Source: Bloomberg, Barclays. Data as of 21 November 2024, ATS as of September 2024. Asset classes in GBP and represented by the following indices: Cash & Short Maturity-Bonds, Barclays Sterling Treasury Bills (0-12M) TR GBP; Developed Government Bonds, Barclays Global Treasury TR Hgd GBP (60%), Bloomberg Barclays Global Inflation-Linked TR Hgd GBP (40%); Investment Grade Bonds, Barclays Global Agg Corp TR Hgd GBP; High Yield and Emerging markets Bonds, BofAML US HY Master II Constrnd TR Hgd GBP (40%), JPM EMBI Global Diversified TR Hgd GBP (30%), JPM GBI-EM Global Diversified TR GBP (30%); Developed Markets Equities, MSCI World NR GBP; Emerging Markets Equities, MSCI EM NR GBP; Commodities, Bloomberg Commodity TR GBP; Alternative Trading Strategies (ATS), HFRX Credit Arbitrage TR Hgd GBP (25%), HFRX Merger Arbitrage TR Hgd GBP (25%), HFRX Active Trading TR Hgd GBP (25%), HFRX Systematic Diversified TR Hgd GBP (25%).
The surge in US business startups, enabled in part by the pandemic, seemed to stick. Meanwhile, many of the advances in the technological frontier were often breathtaking1, albeit likely not relevant just yet to the sharp pick-up in US measured productivity of this year.
The same was not true everywhere of course. China’s wrestle with the aftermath of its giant property bubble became more frenetic, which in turn reverberated to parts of Europe. The plight of the German economy in particular worsened substantially, ultimately tangling with political crisis in the last part of the year, with many wondering whether the fiscal restraint/self-harm will relax a little as a result.

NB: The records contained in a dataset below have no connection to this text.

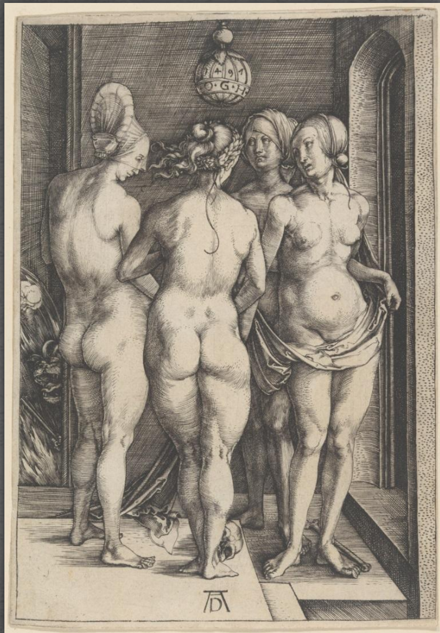
Четыре ведьмы. Музей изобразительных искусств, г. Будапешт. 1497 г.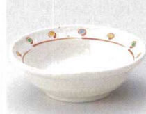
079-24-2B3 460円 2022067017 きらら3.0小付 (10φ×3.2H)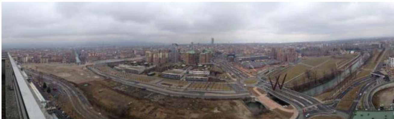
Il Parco Dora nel nuovo quartiere di Spina 3, Torino.

Se il primato dell'Architettura è la complessità del suo linguaggio, saper ascoltare ed entrare in dialogo con i contesti, interpretare nel profondo la natura dei luoghi, rendere espressivi e confortevoli gli spazi, nei suoi pieni e soprattutto nei vuoti, stiamo vivendo un'epoca infelice dove la pratica del costruire e disegnare gli spazi sembra aver smarrito il rapporto con l'elaborazione dei significati. I tratti di forza del linguaggio universale dell'Architettura, in continuità dialogica con il passato, nella totale assenza di argomenti maturi di dibattito e delle sue regole di gioco fatte anche di ironia e contraddizioni, sono impoveriti a tal punto da sembrare svaniti, perduti in una frantumazione di idiomi a volte non traducibili. Ovvio risultato di un simile scenario, il progressivo affermarsi di un grave equivoco di fondo, al dibattito sui significati, dei valori sociali della disciplina, della responsabilità del ruolo dell'architetto, si è sostituita la logica di un mercato dell'apparenza, dove a vincere è sempre più spesso la matrice genetica di individualismi, ardite e incomprensibili geometrie plastiche, che in nome del bisogno di colmare i vuoti di un abisso dialettico hanno gradualmente sostituito la significazione del disegno , rifugiando il progetto nelle complicazioni aberranti della modellazione 3D, tristezza.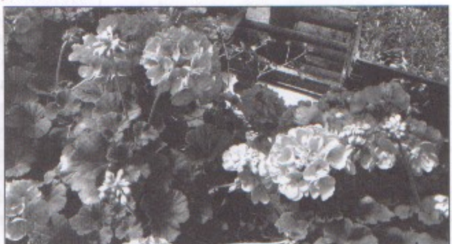
Kwiaty pelargonii o miękkich płatkach we wszystkich odcieniach różu, czerwieni i bieli potrafią kwitnąć nieustannie całe lato.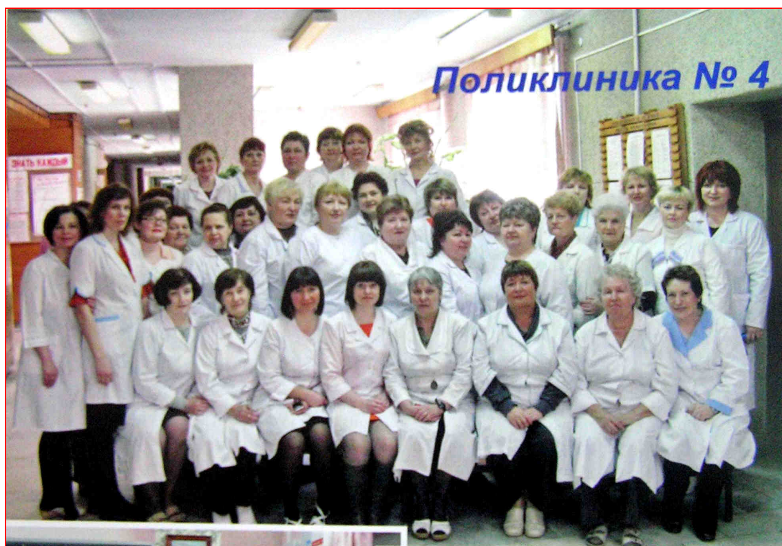
Коллектив 4-й поликлиники КГБ № 2 (2014 г.) [«Фотоальбом «80 лет ЦРБ», 2014]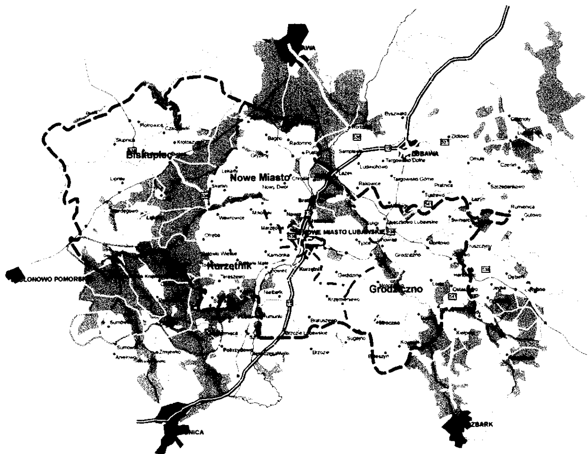
Rys. 1 Układ administracyjny powiatu nowomiejskiego

Kurzętnik usytuowany jest w dolinie Drwęcy, rzeki czystej, atrakcyjnej dla turystów i wędkarzy. Wieś położona jest w sąsiedztwie drogi krajowej nr 15 Toruń-Olsztyn, która jest głównym ciągiem komunikacji samochodowej wschód-zachód.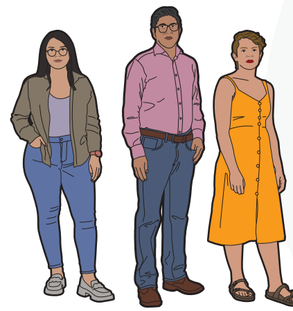
3 suplentes generales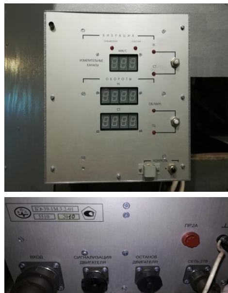
Рисунок 4 - Аппаратура измерения роторных вибраций ИВ-Д-ПФ-1М. Блок Отображения электронный БЭ-39-1М.3.2-01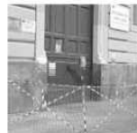
ma anche recentemente, interessando dal distacco di intonaci e pezzi di cornice. Per questo i residenti chiedono di riappare immediatamente le condizioni più sicure.

Il vento forte di qualche giorno fa ha fatto volare la rete di contenimento, e con ulteriori ammontamenti non è riuscito a trattenere i calcinacci che sono finiti per strada.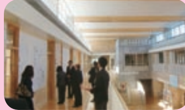
今年に完成した小中一貫校の視察（中標津町）

Another bad year for economic models
This was another year where economic theory lost multiple battles with reality. Sharply higher interest rates did not usher in a widespread downturn in the developed world. In fact, the US economy seemed to be accelerating for much of the year, even while we waited for the first policy rate cuts. This was always possible. Much of what we think we know about the economy rests uneasily on our post-Second World War experience.

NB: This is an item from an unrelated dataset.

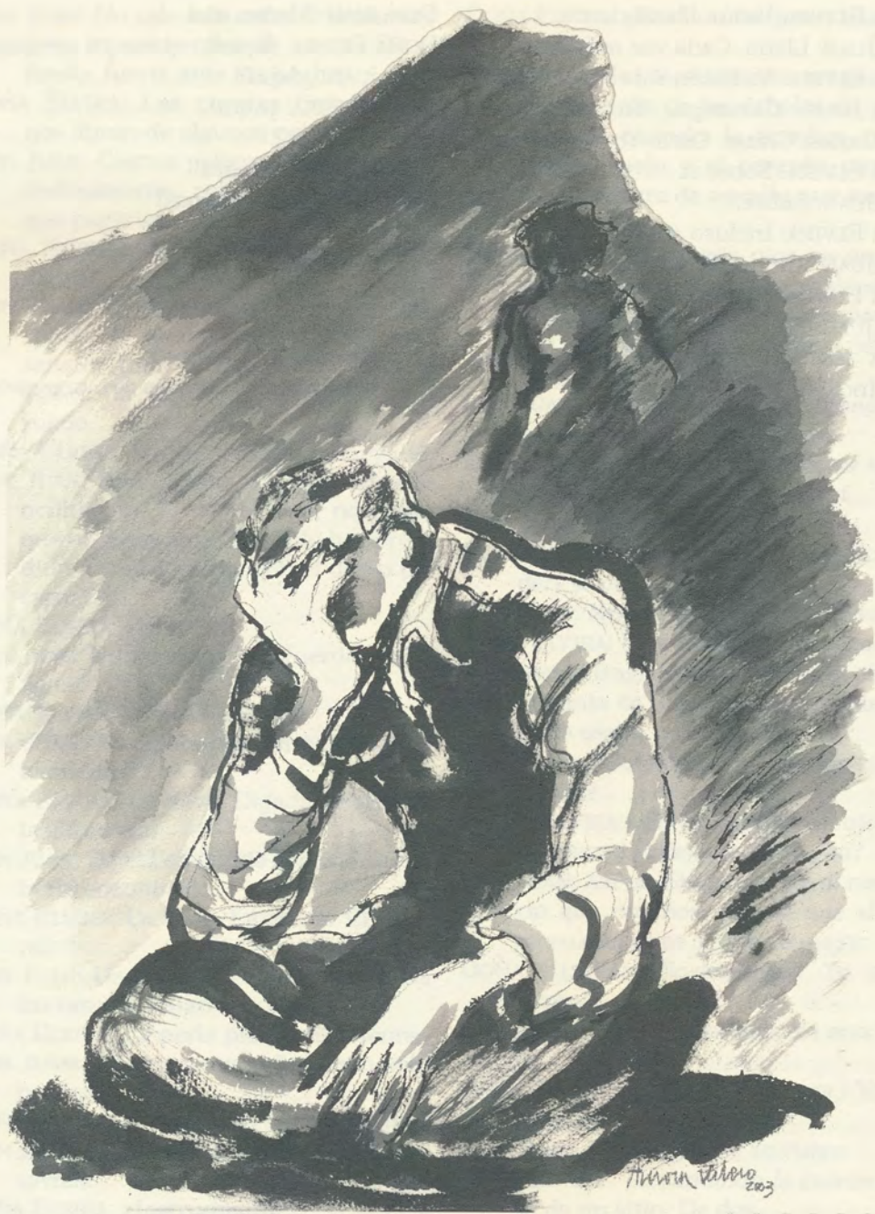
Aurora Valero, tinta china y gouche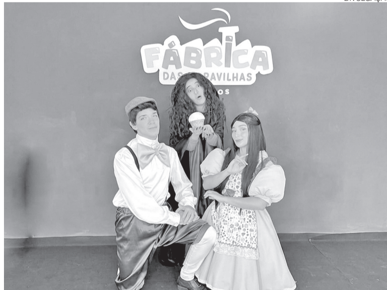
Espectáculo “João e Maria na Floresta da Coelhândia” abre temporada para crianças

No período da tarde, às 16h30, o Som da Mata retoma sua programação com o show da Big Band Jerimum Jazz, grupo formado por estudantes da Escola de Música da Universidade Federal do Rio Grande do Norte (EMU-FRN). Com trajetória consolidada na cena local, a banda se destaca por unir performance artística e caráter formativo, aproximando o público da música instrumental.

This is the period we have some data for, albeit still poor and incomplete. Seven or so decades sounds like a lot from which to derive rules and norms to predict the future? Surely there is not too much new under the sun when thinking about the economy? This year was a reminder that neither of these is true.
Part of this is that data on the economy tells partial truths. If we could reliably assume that these were the same parts of some truth over time, that would be useful, but we can’t. Meanwhile, the opportunity provided by technology, the keystone of long-term economic growth, is neither measurable in real time, nor continuous. The opportunity comes in lumps and tends to warp all else around it. Furthermore, as we have routinely pointed out these last several years, it’s not just different this time. It’s different every time.
Thrills and spills
Predictably, the biggest capital markets bump of the year came from an event not predicted by calendar or indeed any other outlook. Tentative improvements in Japan’s economic outlook upended many investors who had been betting hard (with a range of motivations and structures) that stagnation would continue. The gentle flap of Japanese central bank butterfly wings stirred cyclones in assets as far flung as the Mexican peso and US equities.

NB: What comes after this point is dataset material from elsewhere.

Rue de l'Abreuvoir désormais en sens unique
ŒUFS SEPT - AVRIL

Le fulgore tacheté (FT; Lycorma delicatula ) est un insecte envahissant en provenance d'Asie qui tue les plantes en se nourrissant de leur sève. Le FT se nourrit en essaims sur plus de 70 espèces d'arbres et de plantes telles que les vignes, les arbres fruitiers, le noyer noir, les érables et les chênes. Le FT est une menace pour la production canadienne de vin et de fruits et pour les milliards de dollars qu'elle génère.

Capital markets can be seen as the world’s circulatory system. Capital is moved quickly and efficiently to the areas where it is needed. You might think of bumps and bruises as equivalent to risk premia, providing signals that help lure capital to the right places at the right times. Necessary in this piece is the clarifying profit motive.
However, with that motive comes quite a lot of behavioural baggage as we know well. We can be linear thinkers. The longer a trend goes on, the more confidently we extrapolate that trend into the future. Investments follow. Japan had become a very popular way of funding trades elsewhere in the world. Borrowing in reliably low Japanese interest rates to bank the spread offered by more exotic return profiles worked for so long, it became investment canon. The explosion was briefly spectacular.
The question we must ask ourselves at the end of another barn-storming year is where else do we assume too much?